Now you might be thinking, hm, this sounds like a bit of a leap away from the core themes of the series. Uh, and I would challenge that thinking because have you listened to the previous three episodes? No. Well, if you had, you would know that they’ve all been leading up to something similar to this. Um, so go back and have a listen if you haven’t listened or watched. Um, but look, the reason I wanted to talk about this today is because I met with um, some of my team who are the most, the most locally based, who are who are in Sydney uh, yesterday and we were all chatting about the sort of, you know, the simple, you know, satisfaction of a bit of human connection.

Now as you are very well aware, I’m sure, like the nature of white collar computer-based work uh, was forever changed in the dark times that we no longer speak of, the co times. Um, because we all got forced to work from home and some of it, like I’d been working remotely for quite a while before that. So it wasn’t really uh, anything new to me, but obviously it was quite a dramatic change to a lot of people to be forced to turn your home into your workspace and the sort of mental changes that that, you know, that that triggers. You maybe aren’t aware of it, right, but you’re bringing together two very different states of mind and states of being. Um, and your home is talking about, you know, animal brain stuff, right? Your home is your sort of safe space that you retreat back to to push away the the concerns and worries of the world, right. And a lot of people during that time found that the um, the stuff that you would normally compartmentalize and leave at the office is suddenly invading your house and your laptop and your phone, uh, and you can’t turn it off, and that’s not great, right, mentally.

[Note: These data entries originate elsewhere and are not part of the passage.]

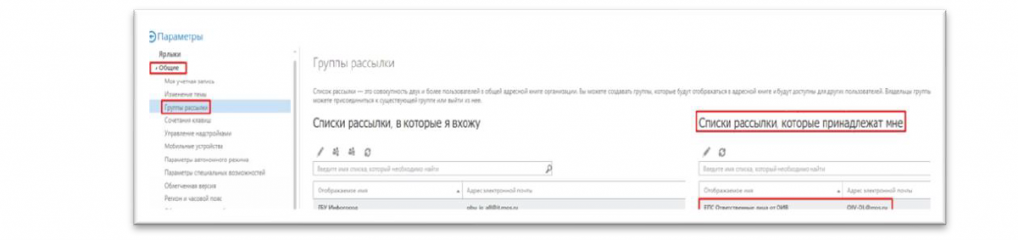 2. В разделе «Общие» выбираем раздел «Списки рассылки которые принадлежат мне».
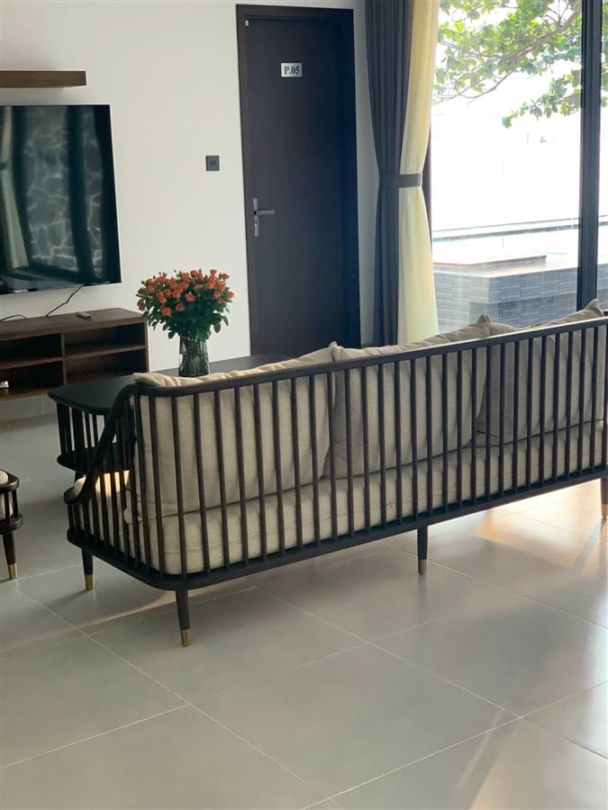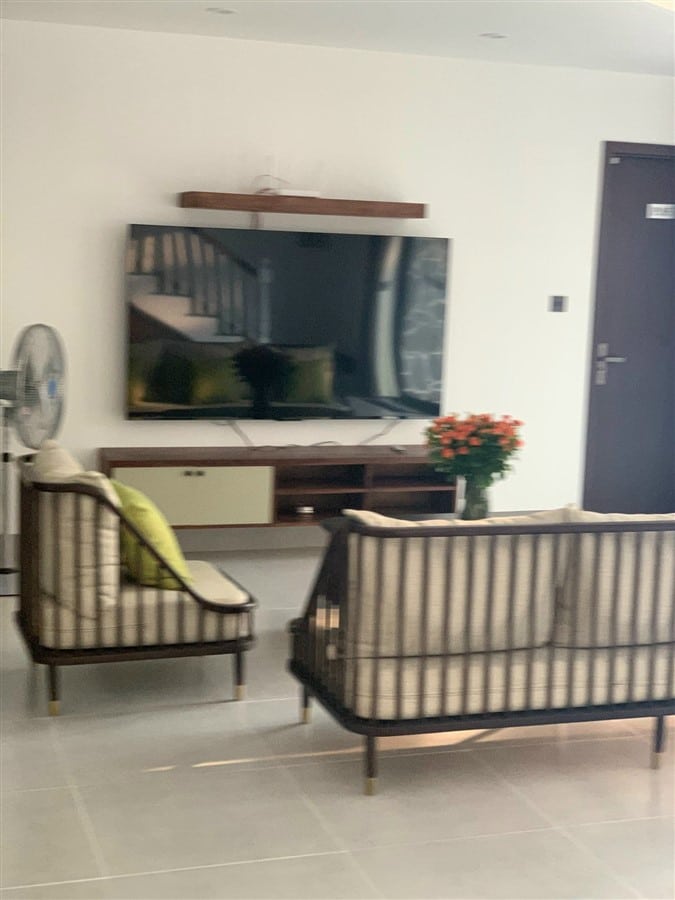 - Phòng Khách với sofa, tivi Smart 55 inch, quạt (3 cây quạt).
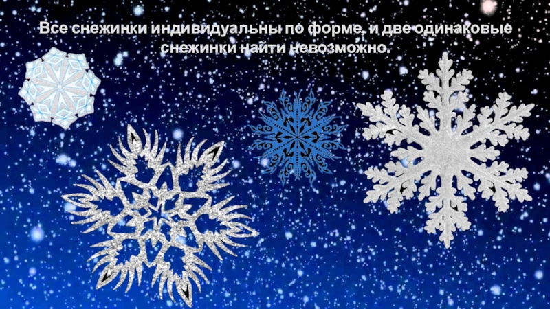 Слайд 3Все снежинки индивидуальны по форме, и две одинаковые снежинки найти невозможно.

Um, so the reason that we got chatting about this was because um, obviously a lot of my team are, you know, either fractional, as as the kids like to call it today, um, or just, you know, on demand, like we all, we bring people in based on their, you know, their skills and and t he work that they want to do. Um, and that’s how we’ve pulled our team together. Um, so, you know, we don’t have to get together a lot, which is why I try and make the effort to get together with everyone that I can when I can. But we were just chatting about, you know, what is, what is valuable to do together now? Like why, why would you bring everyone together? Like, you know, obviously you can get together and have lunch and have a chat or whatever, but it’s nice to um, have more control over the hows and whys of being in the same place together um, instead of being forced there.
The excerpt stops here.